C’est aujourd’hui que le ministère de l’Industrie révèlera les fameuses listes des concessionnaires automobiles. Les Algériens, traditionnellement férus de mécanique, en témoigne le franc succès des Salons de l’auto des années 2000, risquent d’être un peu déçus à terme, en découvrant les prix des véhicules. Taxes, surtaxes et dévaluation du dinar placeront la voiture dans le rang des produits de luxe. Mais ne nous égarons pas beaucoup, l’automobile a encore de l’avenir en Algérie.
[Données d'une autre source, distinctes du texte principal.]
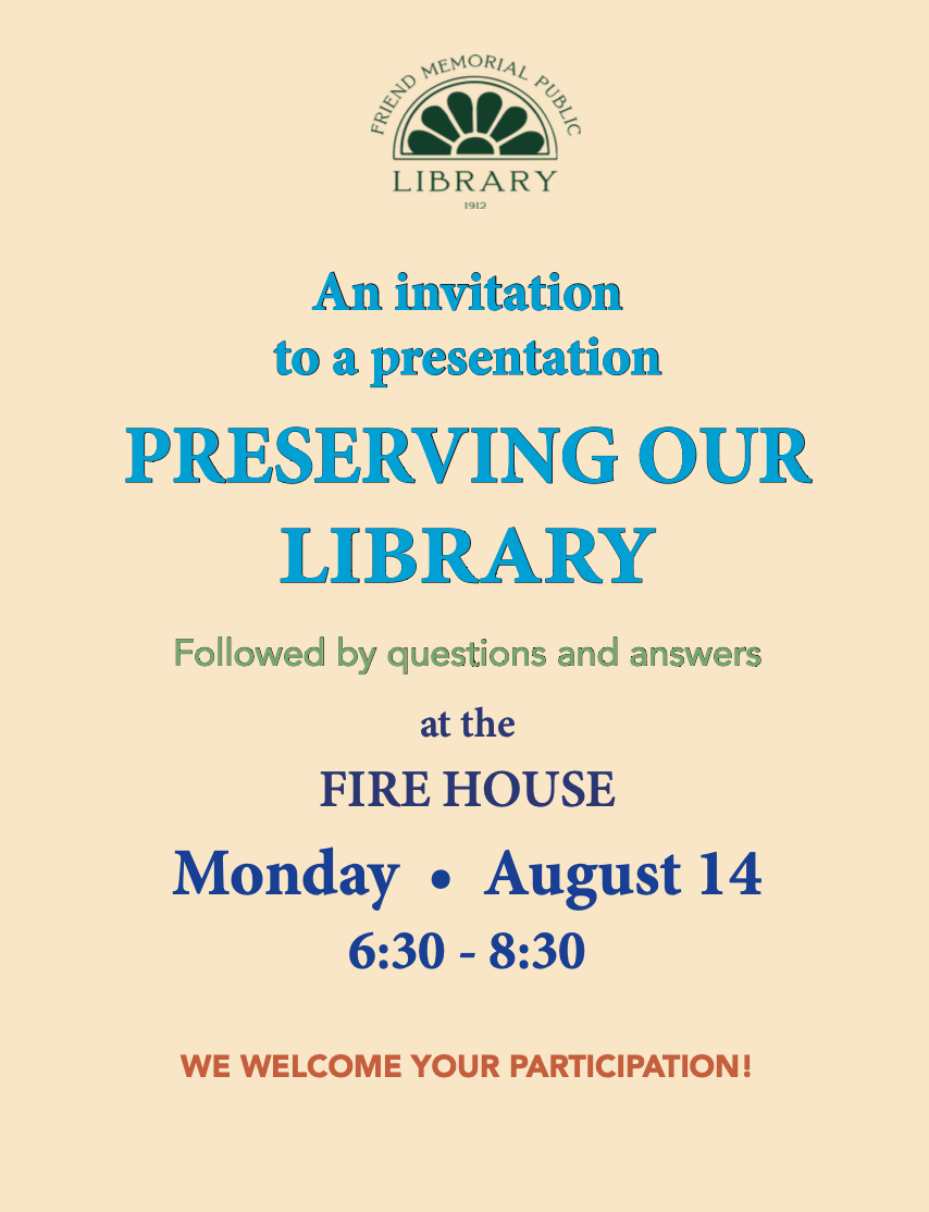 We invite all interested parties to attend this open meeting to learn more about the campaign and vision for the Library’s future.

Et pour cause le marché national n’a eu de cesse d’enfler entre 1998 et 2014, jusqu’à atteindre une croissance à deux chiffres. Il a progressé tellement vite que l’Algérie a figuré sur les tableaux de tous les constructeurs mondiaux, comme un marché de premier ordre. A ce propos un chiffre révélateur : plus de 5 milliards de dollars d’importation de véhicules prêts à l’emploi. Les industries européenne et asiatique se sont partagé le beau gâteau.
Mais là aussi, ne nous égarons pas et reconnaissons dans le secteur automobile, la France reste la destination première de l’Algérie officielle et de l’Algérie populaire. Car, il faut bien reconnaître que ce ne sont pas les autorités publiques qui obligent les Algériens à acheter français. Le marché était pendant des années ouvert et concurrentiel, mais cela n’a pas empêché les nôtre d’avoir un petit penchant pour le Made in France. Ce ne sera donc pas le petit peuple qui irait critiquer le gouvernement de choisir les céréaliers français pour approvisionner le marché local.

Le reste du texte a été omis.